* What the exercise asks *
Make an exact copy of the records, omitting all images.

* The data *
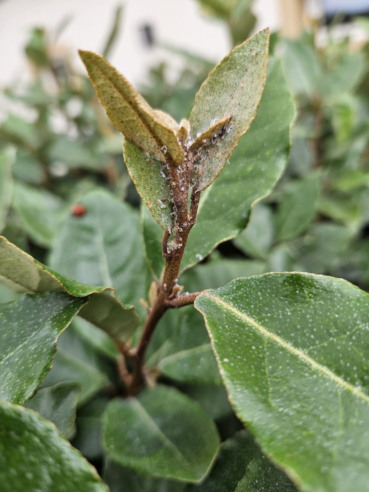 Hat hier jemand Erfahrung, mit welchen Maßnahmen man den Befall eliminieren kann und wie man den schwarzen Belag (vermutlich Rußtaupilz) auf der Hecke entfernt? Inzwischen verkahlen einige Ölweiden schon im unteren Bereich, da sie dort viele Blätter verloren haben. Ich würde nun die Hecke wieder zurückschneiden und den Abschnitt und die abgeworfenen Blätter entsorgen.
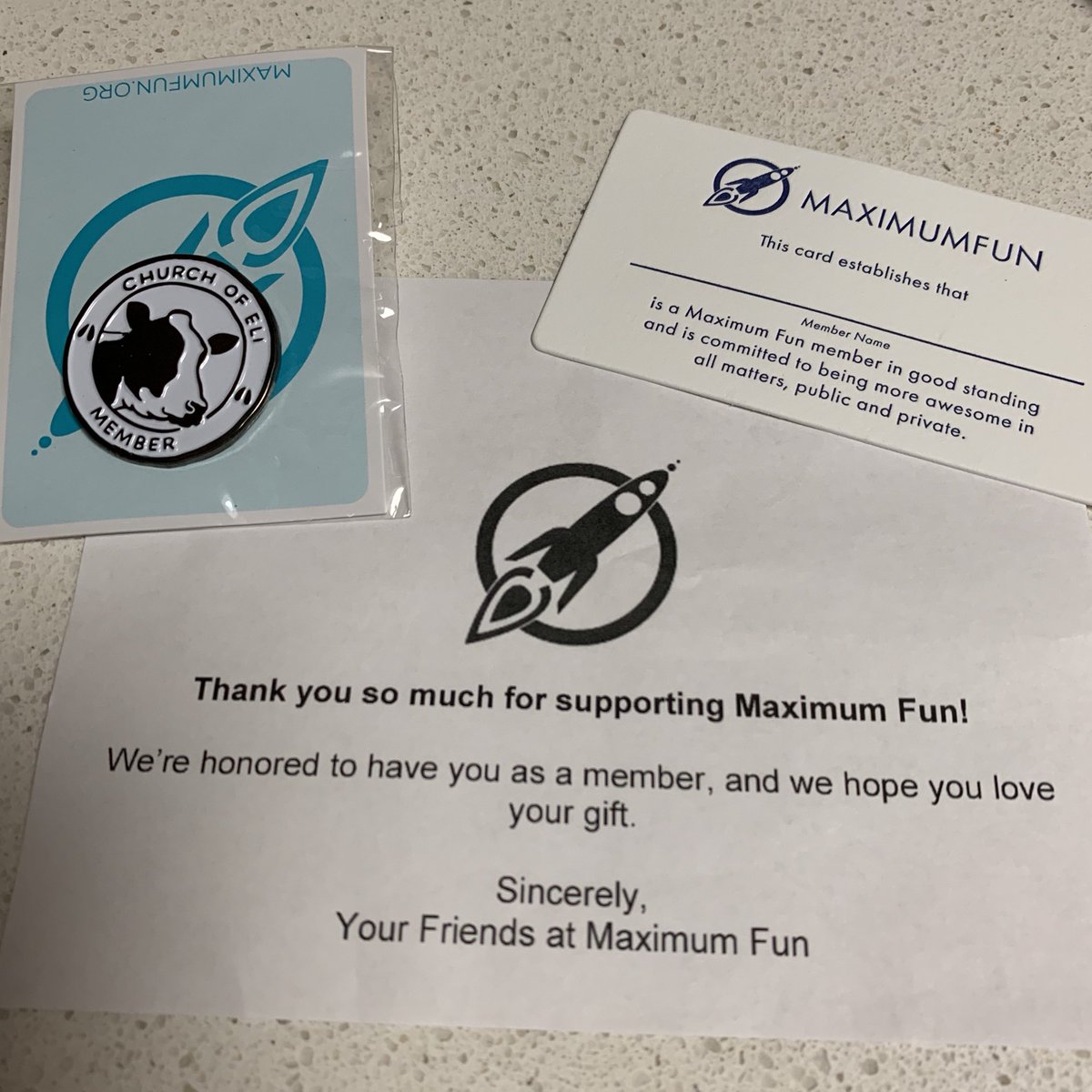 Miffed my care package of fresh rich beef sausages was lost, but delighted to find my exclusive “Church of Eli” pin and coveted
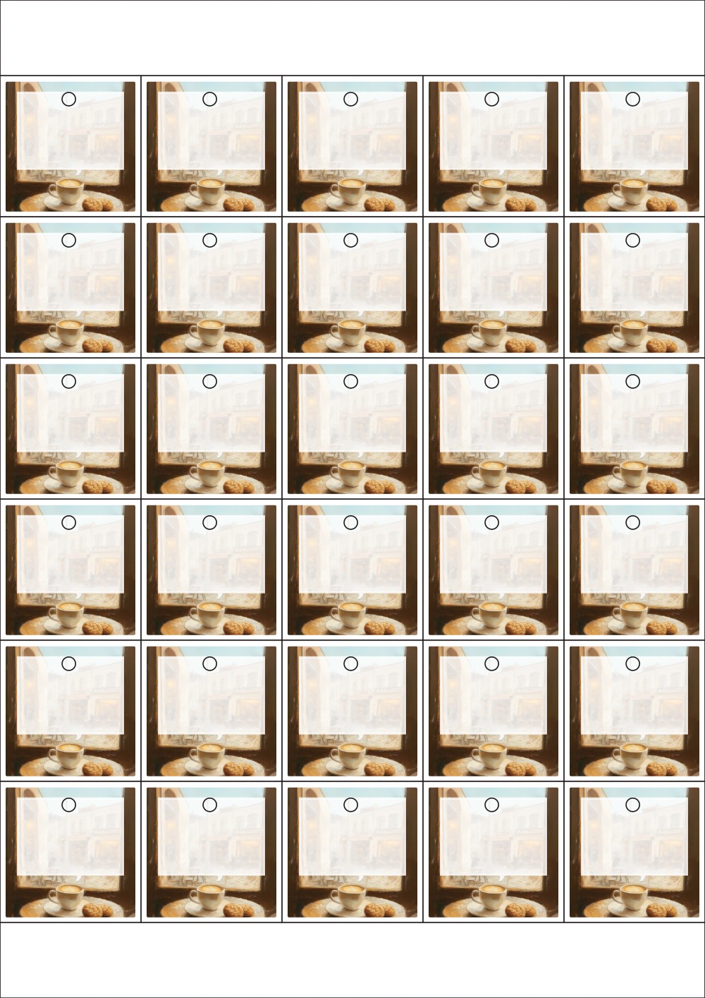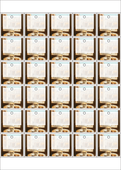 디자인된 A4 택 출력용 비점착 라벨, 규격코드: TLH0301, 디자인코드: DA1479(레트로 감성 카페에서), 42 x 42 (mm)
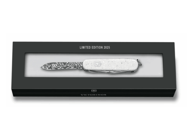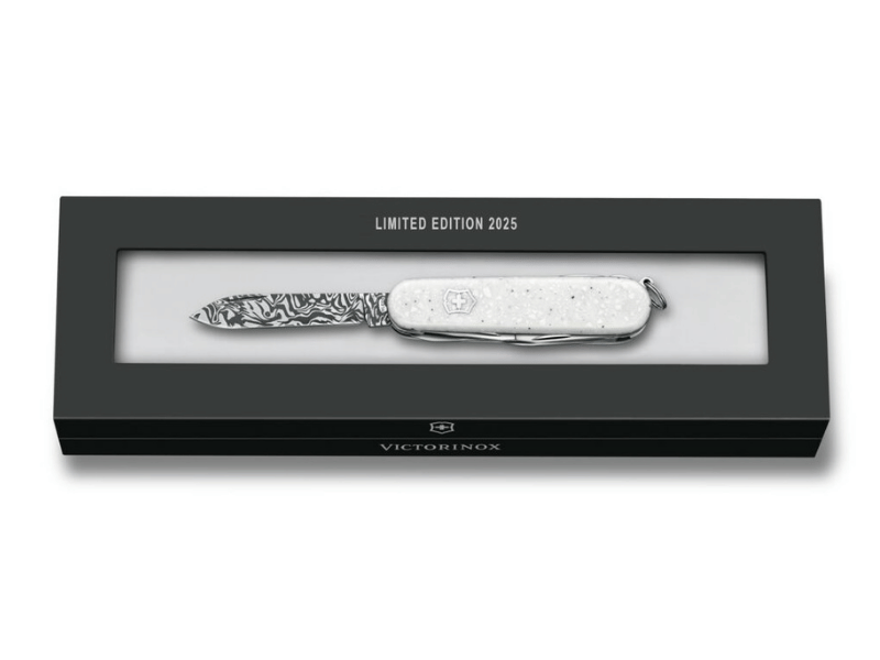 Mit dem Special Companion Damast Limited Edition 2025 entscheidest du dich nicht nur für ein funktionales Taschenmesser, sondern für ein außergewöhnliches Sammlerstück, das Stilbewusstsein und höchste Schweizer Handwerkskunst vereint. Die Griffschalen aus hochwertigem Corian® präsentieren sich in edlem Mattweiß – inspiriert von der natürlichen Ästhetik von Stein, angenehm kühl in der Hand und dank der kratzfesten Oberfläche ideal für den täglichen Einsatz. Robust und formvollendet begleitet dich dieses Messer zuverlässig – im Alltag, auf Reisen oder bei besonderen Anlässen.
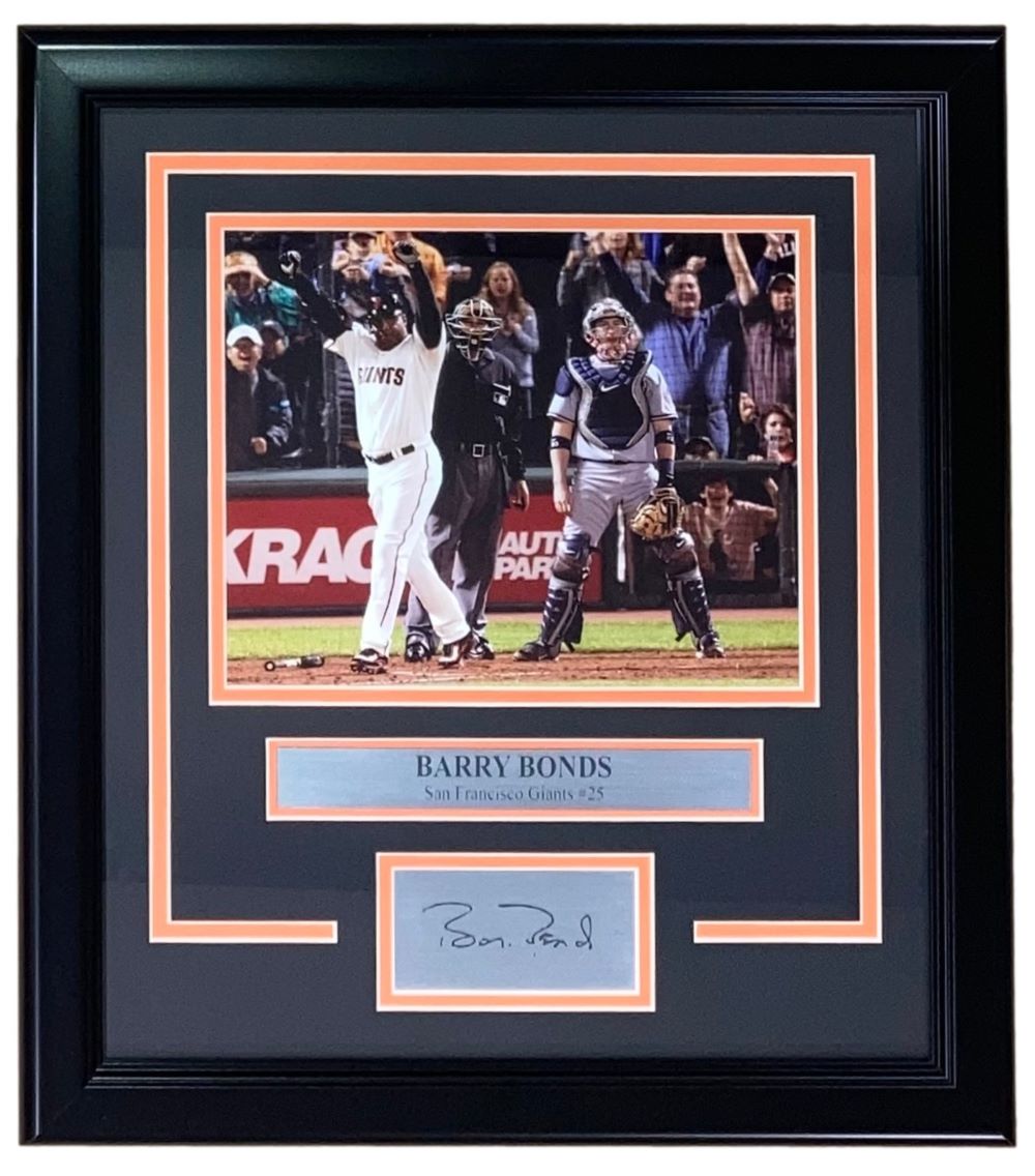 Enhance your sports memorabilia collection with this professionally framed Barry Bonds 8x10 San Francisco Giants photo. A legendary figure in baseball history, Barry Bonds electrified fans with his record-breaking career, making this a must-have for serious collectors and Giants enthusiasts.
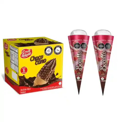 Pack de Chococono x 6 unidades mas 2 Cono Bocatto sabor (Vainilla Fresa) .
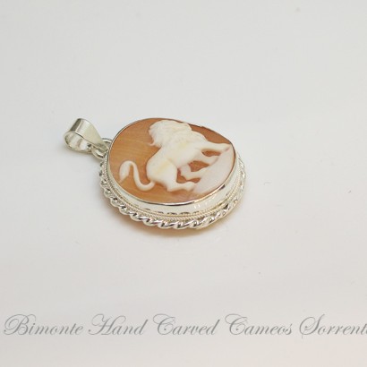 Genuine hand carved shell cameo pendant set in sterling silver
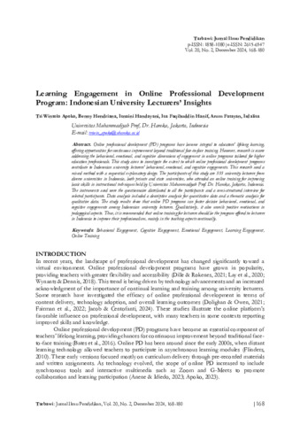 Isa Faqihuddin Hanif, Isa Learning Engagement in Online Professional Development Program: Indonesian University Lecturers’ Insights. Learning Engagement in Online Professional Development Program: Indonesian University Lecturers’ Insights.
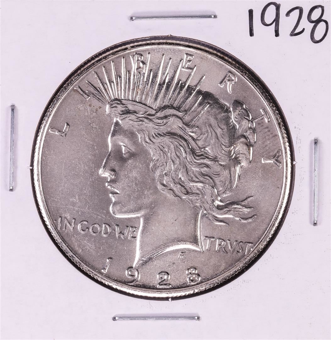 One 1928 $1 Peace Silver Dollar Coin.

* Answer box *
 Hat hier jemand Erfahrung, mit welchen Maßnahmen man den Befall eliminieren kann und wie man den schwarzen Belag (vermutlich Rußtaupilz) auf der Hecke entfernt? Inzwischen verkahlen einige Ölweiden schon im unteren Bereich, da sie dort viele Blätter verloren haben. Ich würde nun die Hecke wieder zurückschneiden und den Abschnitt und die abgeworfenen Blätter entsorgen.
 Miffed my care package of fresh rich beef sausages was lost, but delighted to find my exclusive “Church of Eli” pin and coveted
 디자인된 A4 택 출력용 비점착 라벨, 규격코드: TLH0301, 디자인코드: DA1479(레트로 감성 카페에서), 42 x 42 (mm)
 Mit dem Special Companion Damast Limited Edition 2025 entscheidest du dich nicht nur für ein funktionales Taschenmesser, sondern für ein außergewöhnliches Sammlerstück, das Stilbewusstsein und höchste Schweizer Handwerkskunst vereint. Die Griffschalen aus hochwertigem Corian® präsentieren sich in edlem Mattweiß – inspiriert von der natürlichen Ästhetik von Stein, angenehm kühl in der Hand und dank der kratzfesten Oberfläche ideal für den täglichen Einsatz. Robust und formvollendet begleitet dich dieses Messer zuverlässig – im Alltag, auf Reisen oder bei besonderen Anlässen.
 Enhance your sports memorabilia collection with this professionally framed Barry Bonds 8x10 San Francisco Giants photo. A legendary figure in baseball history, Barry Bonds electrified fans with his record-breaking career, making this a must-have for serious collectors and Giants enthusiasts.
 Pack de Chococono x 6 unidades mas 2 Cono Bocatto sabor (Vainilla Fresa) .
 Genuine hand carved shell cameo pendant set in sterling silver
 Isa Faqihuddin Hanif, Isa Learning Engagement in Online Professional Development Program: Indonesian University Lecturers’ Insights. Learning Engagement in Online Professional Development Program: Indonesian University Lecturers’ Insights.
 One 1928 $1 Peace Silver Dollar Coin.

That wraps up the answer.